В своих послевоенных работах ученый приходит к выводу о том, что феноменология недостаточно соответствует его представлениям о необходимости синтеза идеального и позитивного опыта, опыта коллективного и индивидуального в рамках разрабатываемой им идеал-реалистической концепции общества. «Сознание всегда есть сознание чего-то», – утверждает Гурвич в духе идей Гуссерля, – и поэтому оно всегда открыто для коммуникации с другими сознаниями. Такая коммуникация и создает коллективное сознание, в определенный момент времени имеющее вполне конкретные векторы движения. Однако в рамках традиционной феноменологической концепции коллективный социальный опыт возможен на основе априорно заданных символов, что опять-таки ведет к абстрактному идеализму, как доказывает Гурвич. Мыслитель, напротив, считает возможным постулировать априорность коллективного опыта по отношению к проявлениям такого опыта, к которым Гурвич относит символы, знаки, идеи. Иными словами, социальные символы и знаки (в том числе языковые структуры и знаки) должны сначала сами быть сконструированы в процессе общения, в рамках «длящихся смысловых структур», и лишь после этого они смогут порождать новые формы общения [309].
Критикуя абсолютизацию значения символической составляющей социального общения в феноменологии, Гурвич возражает и против герменевтической концепции В. Дильтея, упрекая ее в номинализме и рационализме [310]и указывая на то, что кажущийся имманентным смысл языкового общения на самом деле создается только в процессе общения и не может быть первичным по отношению к этому процессу. Не имеют такого значения и языковые структуры, которые создаются уже на основе имеющихся в обществе форм социабельности [311]. Смысловые структуры общества мыслятся не как безусловная, вневременная взаимосвязь значимого и означаемого, а как зависимая от временных перспектив социума дисконтинуальная диалектика [312], где связь значимого и означаемого может варьироваться [313].
Можно согласиться с отдельными замечаниями, высказанными Гурвичем по отношению к ряду элементов феноменологии, но его критика все же кажется основанной скорее на субъективном восприятии некоторых аспектов учения Гуссерля и Шелера, чем на полном переосмыслении всей феноменологической концепции. Несомненно, что в разработке методологии научного исследования права и общества мыслитель подвергся сильному влиянию феноменологии [314](в первую очередь это использование метода феноменологической редукции), которая служила для его мысли основным источником как аттракций, так и репульсий. В то же время нельзя признать, что критика Гурвича была всегда уместна. Можно вспомнить, например, про его беседу с Гуссерлем, в которой последний небезосновательно заявил, что критические замечания Гурвича верны по отношению к ряду устаревших и пересмотренных тезисов и что они не могут распространяться на вновь сформулированные идеи этого немецкого мыслителя. Примерно тот же упрек был повторен Бердяевым применительно к критике Гурвичем положений философии Хайдеггера. Добавим, что мыслитель практически оставил без внимания серьезнейшие разработки феноменологов, такие как работы А. Райнаха в правоведении или А. Шюца в социологии, в которых содержались элементы, схожие с концепцией самого Гурвича. Поэтому критика мыслителем феноменологического направления в целом должна восприниматься с некоторыми оговорками.
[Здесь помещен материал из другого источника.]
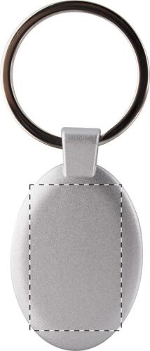 Portachiavi di forma ovale, corpo in alluminio con anello di metallo.
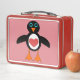 Esta impresionante lonchera metalizado presenta un personalizado lindo de un pingüino con ojos grandes, un pequeño pico y unos pies lindos. El pingüino tiene un gran corazón de amor rojo en medio de su vientre y las alas están abiertas y listas para darle a alguien un gran abrazo.
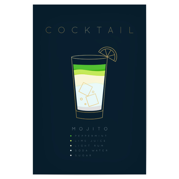 Poster "Mojito cocktail flat blue" artboxONE - Essen & Trinken,Essen & Trinken / Alkohol - Cocktail,Flat,Drink,Beverage,Alcohol,Glass,Vintage,Mojito
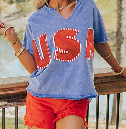 Loose Casual Style Printed Short Sleeved Top
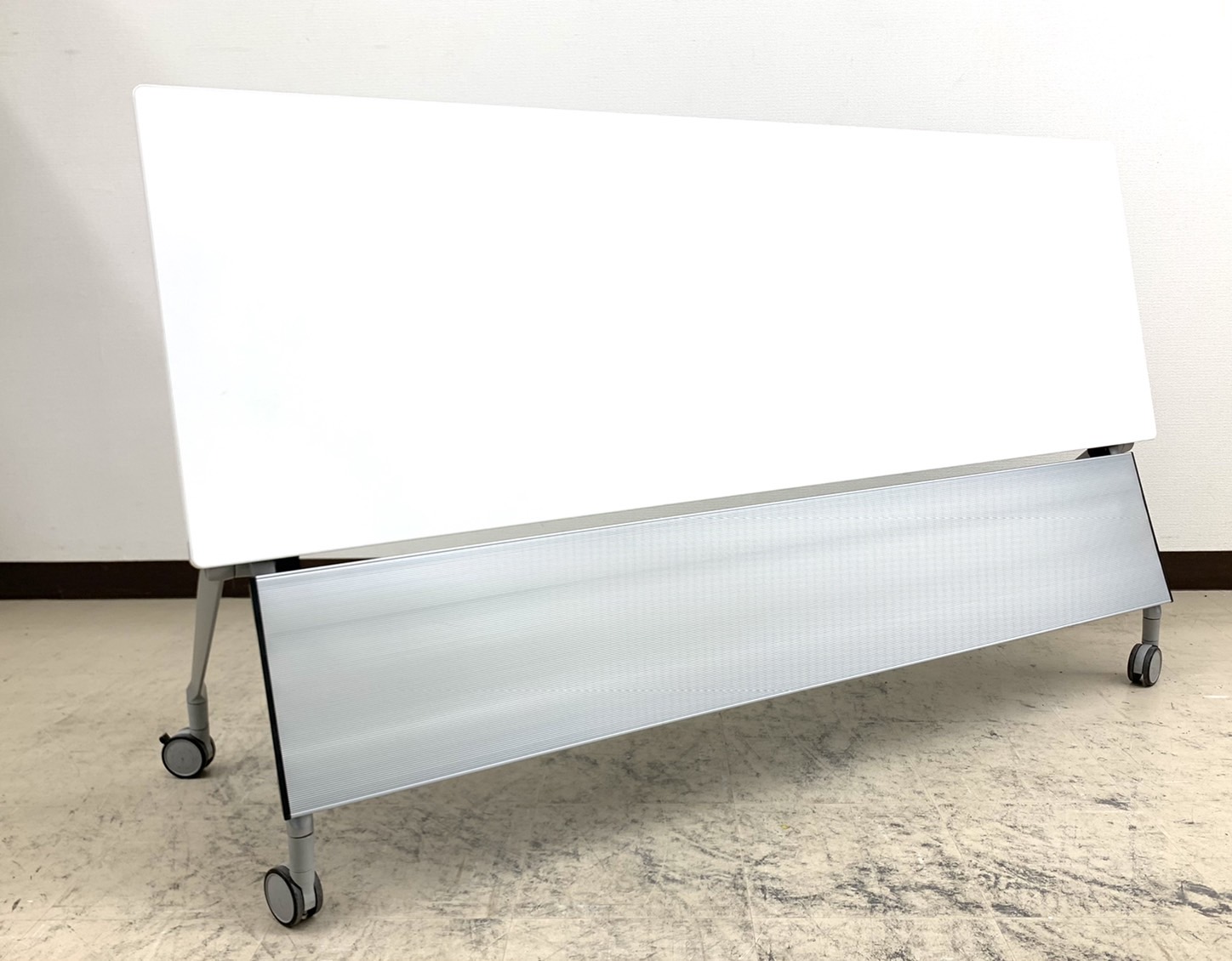 【折りたたみ収納が秀逸!スタイリッシュなデザインで高品質!】■オカムラ(okamura)製 インターアクトNTシリーズ(INTER ACTNT) サイドスタックテーブル W1500×D600×H720mm ■キャスター付 ■ホワイト
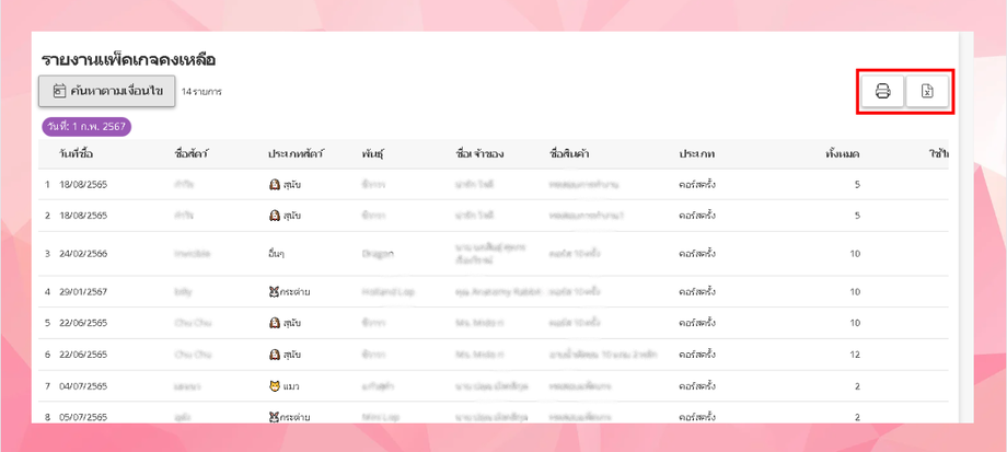 เมื่อผู้ใช้งานทำการคลิกตกลง ระบบจะแสดงข้อมูลที่ผู้ใช้งานทำการค้นหา (สามารถสั่งพิมพ์ และ เปิดใน excel ได้)
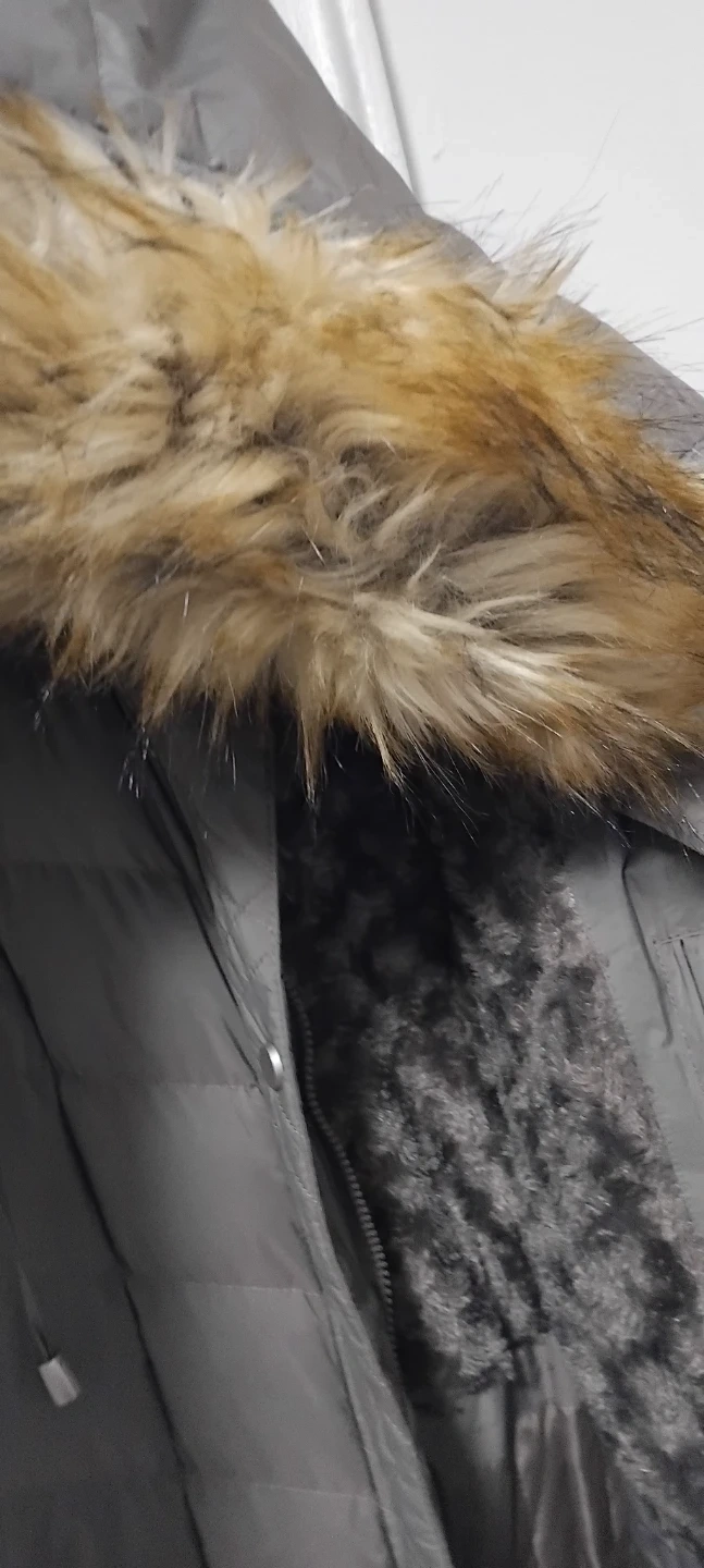 Grey puffer coat from Identity. It's a size medium and features a warm faux fur lining and trim on the hood. Zipper and button closure.There are 2 pockets on the front and 1 inside pocket.It is really warm and falls beneath the knee.Looks really nice and beautiful.
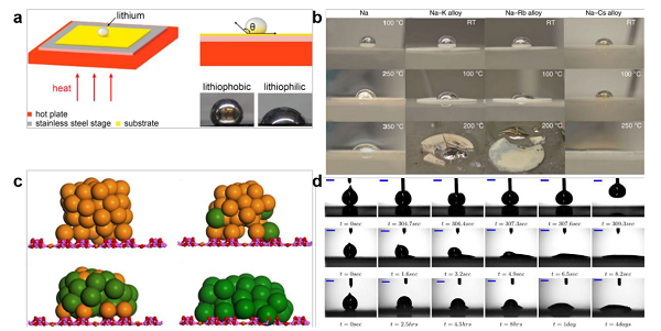 (b)钠的润湿行为和不同温度下钠合金在β-Al2O3固态电解质基底表面的情况;

В своих послевоенных работах Гурвич ставит под сомнение методологическую ценность таких методов, как феноменологическая редукция Гуссерля и инверсия Бергсона, которые он широко использовал в своих ранних работах. В книге «La vocation actuelle de la sociologie», написанной в 1950 г., Гурвич уже говорит об ошибочности такого метода анализа социальной действительности, когда исследование начинается с поверхностных слоев и доходит до чистого опыта непосредственного восприятия, и признается, что он сам ошибался, когда использовал такой подход [315]. Отказываясь от своих феноменологических построений в конце 1940-х годов, Гурвич вновь обращается к той идеал-реалистической концепции, которую он когда-то временно оставил в стороне в ходе своих феноменологических изысканий. Мыслитель утверждает, что более не придерживается метода феноменологической редукции и развивает теорию «радикального эмпиризма» в знании о праве, зиждущуюся исключительно на данных юридического опыта, без опоры на трансцендентальную гносеологию права, что имело место в феноменологии и что было характерно для теорий Гурвича 1930-х годов.